En temel fark seri cinayetler olması. 2000-2006 yılları arasında 8’i Türkiye’den biri Yunanistan’dan olan göçmen esnafın aynı silahla katledilmesi, Federal Almanya tarihinde bir ilk. Yıllara yayılan bir plan yapıldı ve hayata geçirildi. Diğer ırkçı cinayetler ise asıl olarak birbirinden bağımsız ırkçı gruplar ve kişiler tarafından işlendi. Walter Lübcke cinayeti ise ırkçıların fırsat bulduklarında liberal demokrat devlet temsilcilerini de katledebilecek düzeye ulaştığını gösteriyor. Genel olarak güç gösterisiyle her alanda demokrat, antifaşist kesimleri sindirme politikası izleniyor Neonaziler tarafından. Almanya’da faşist hareketin ilk güçlenme evresi olan 1920’li yıllarda da benzer şekilde çok sayıda üst düzey devlet temsilcisine suikastlar düzenlenmişti.

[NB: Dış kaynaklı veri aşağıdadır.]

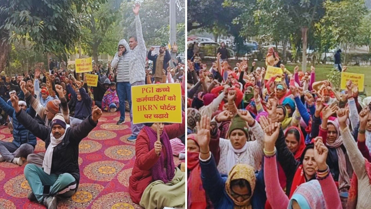 Rohtak PGI Employees: ठेका कर्मचारियों ने की रोजगार निगम में शामिल करने की मांग, शुरू किया अनिश्चित काल के लिए हड़ताल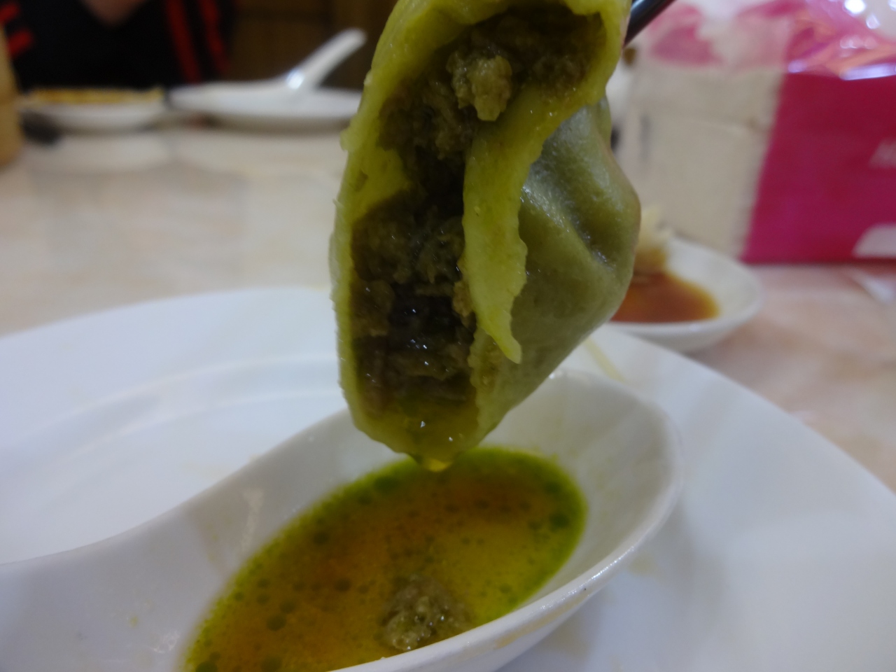 綺麗な緑色をした烏龍茶小籠包からはほのかにお茶の香りが漂い、上品な感じです。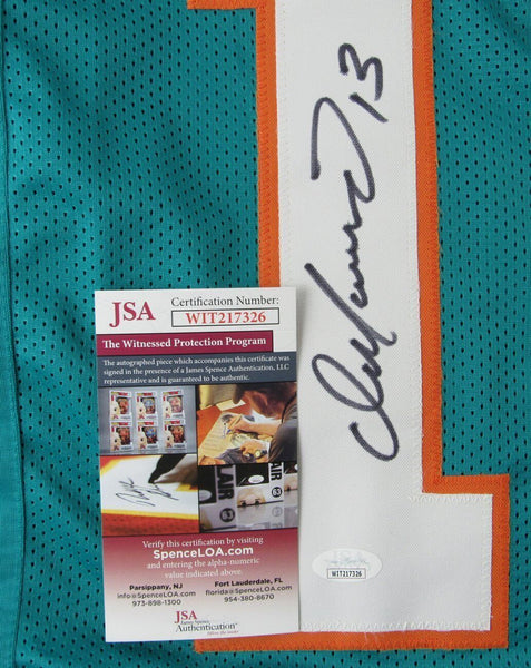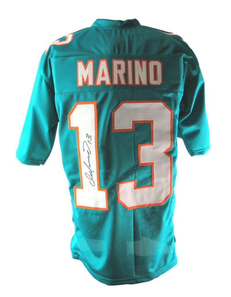 Dan Marino HOF Signed/Autographed Miami Dolphins Teal Custom Football Jersey Size XL. This jersey is authenticated by JSA and includes their Tamper-proof Sticker and Certificate of Authenticity.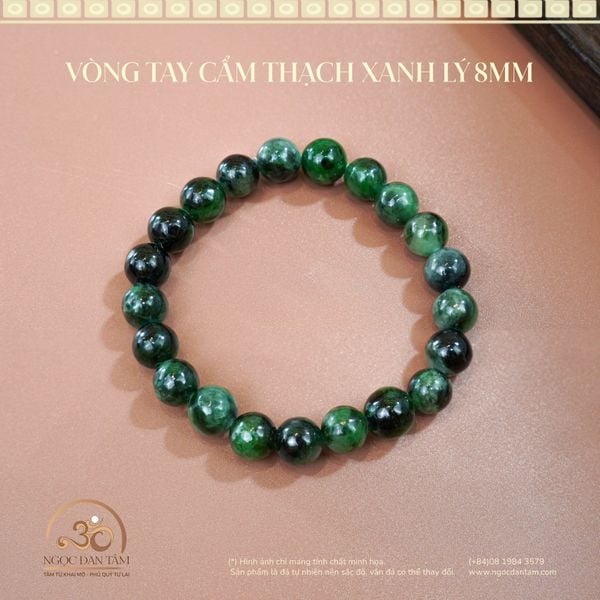 VÒNG TAY CẨM THẠCH XANH LÝ 8MM - VIÊN NGỌC QUÝ CỦA SỰ PHÚC LỘC & TRƯỜNG THỌ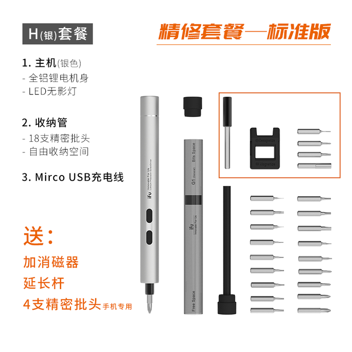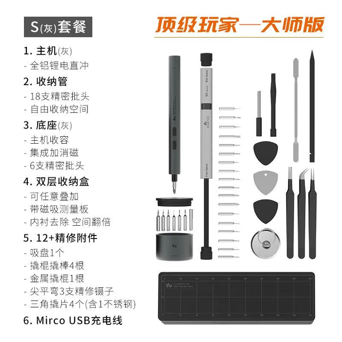 而这些琐碎的小工具,ifu电动螺丝刀套装都给你备得齐齐的!不仅配齐了,还送一个磁吸的收纳魔盒!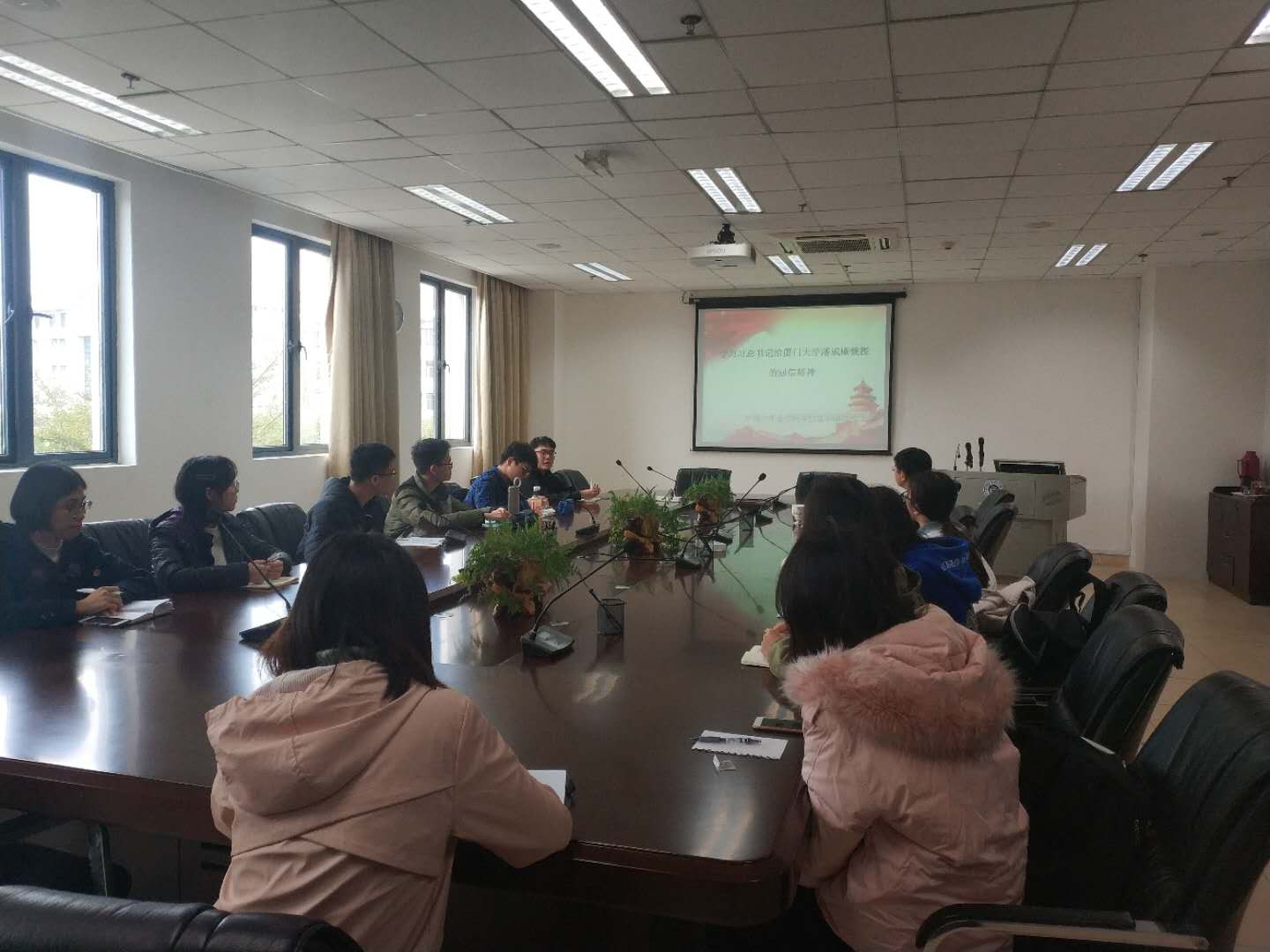 2月26日中午,环境与生态学院学生组织临时党支部在金泉楼A226会议室开展学习习近平总书记给我校管理学院潘维廉教授的重要回信精神。环境与生态学院团委书记林明华、辅导员蔡群飞以及学生组织临时党支部全体成员参加座谈。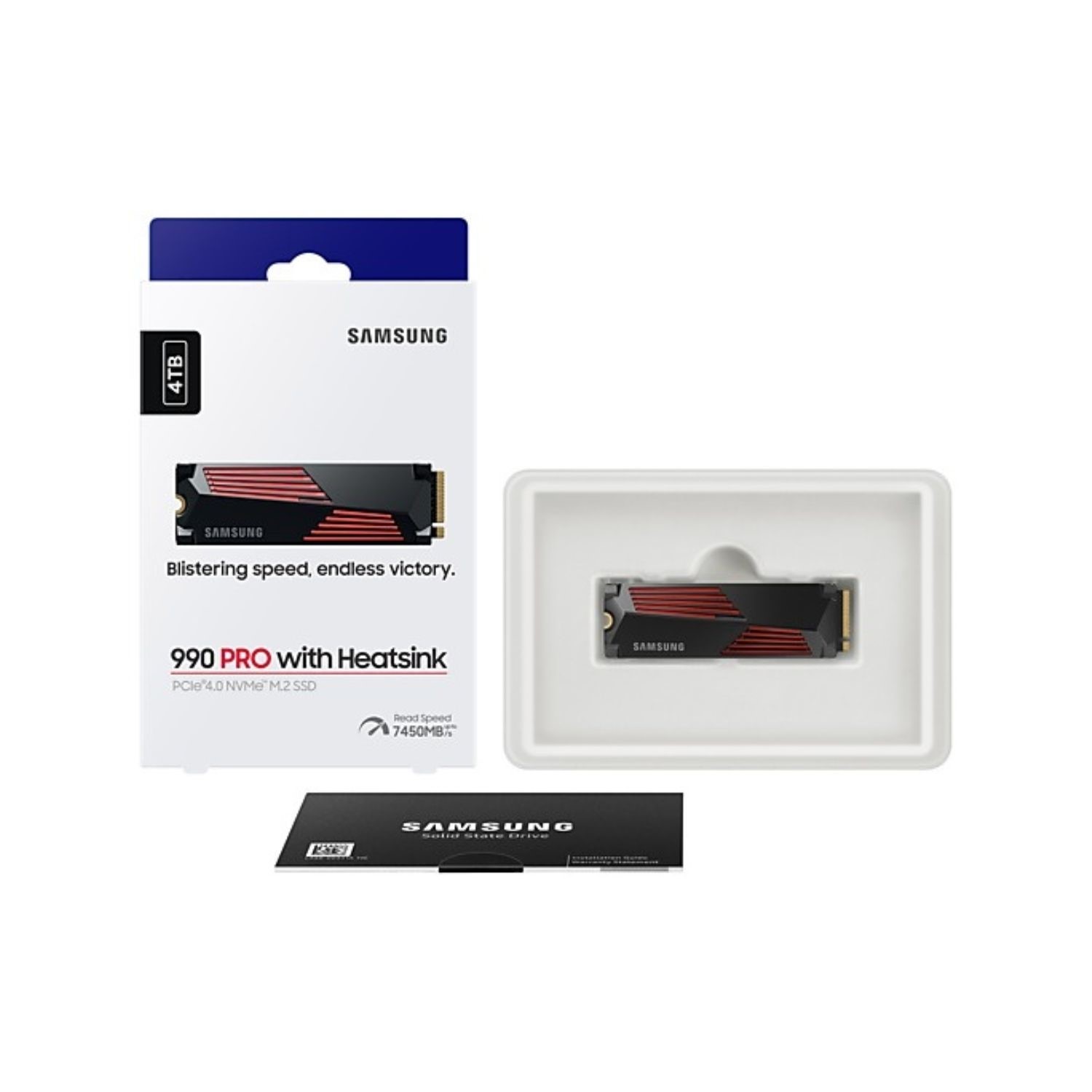Extraordinary speed increase. 990 PRO with heatsink offers sequential read/write speeds of up to 7450/6900 MB/s, approaching the maximum performance of PCIe® 4.0. Up to 40% and 55% faster random read/write than the 2TB 980 PRO—up to 1400K/1550K IOPS, while the 4TB model reaches up to 1600K IOPS.

- NSU cinayetleri sonrasında devlet ülkedeki faşist örgütlenmelerle mücadelesinde bir değişiklik yaşadı mı? Devlet kendi içindeki Neonazi yapılanmalarla ne kadar yüzleşti?
Ciddi bir değişiklik yaşanmadı. Halen birçok Neonazi örgüt varlığını sürdürüyor. NSU cinayetlerine karıştıkları mahkeme tarafından kabul edilen Ralf Wohlleben ve Carsten Schultze, bir süre Thüringen’de Alman Milliyetçi Demokrat Parti’nin (NPD) yöneticileriydi. Buna rağmen bu parti yasaklanmadı, halen de siyasi faaliyetlerini sürdürüyor. Keza bugün Alman parlamentosunda ana muhalefet olan aşırı sağcı Almanya için Alternatif (AfD) içerisinde birçok eski Neonazi’nin de olduğu biliniyor. Açıktan göçmen, İslam, sığınmacı düşmanlığı yapan AfD’ye "normal bir parti" gözüyle bakılıyor. Bu nedenle Almanya, ırkçı terör örgütleriyle yüzleşip güçlü bir mücadele yürütmek yerine, Neonazilerin devletin imkanlarını kullanarak güç toplamasına göz yummaya devam ediyor.
- NSU cinayetleri sonrasında Türkiye öldürülen vatandaşların aileleriyle nasıl bir ilişki kurdu? Vatandaşlarına bu cinayetler sonrasında nasıl yaklaştı?
Türkiye’nin bu konuda olumlu çalışmalar yaptığını söylemek mümkün değil. Cinayetler Almanya’da işlendiği için asıl olarak Almanya’nın yapacakları vardı. Ancak özellikle kurban ailelerinin mağdur edildiği süreçte Türkiye’deki güvenlik birimleri de Türkiye’ye soruşturma adına giden Alman polisine yardımcı oldular. Örneğin, Mehmet Turgut’un Rostock’ta öldürülmesinden sonra Kovancılara giden Alman polisine gerekli yardımlar yapılmış. Turgut Ailesi, yapılan karalamalar ve suçlamalardan ötürü kaldığı köyden göç etmek zorunda kalmış. Böylece, Almanya’da kurban yakınlarına yönelik başlatılan sindirme ve yıldırma politikası Türkiye’deki güvenlik birimlerinin yardımıyla doğup büyüdükleri yerlere kadar uzanmış. Türkiye, başından itibaren bu işbirliğini reddetmeli, katillerin asıl olarak Almanya’da aranması gerektiğini bildirmeliydi.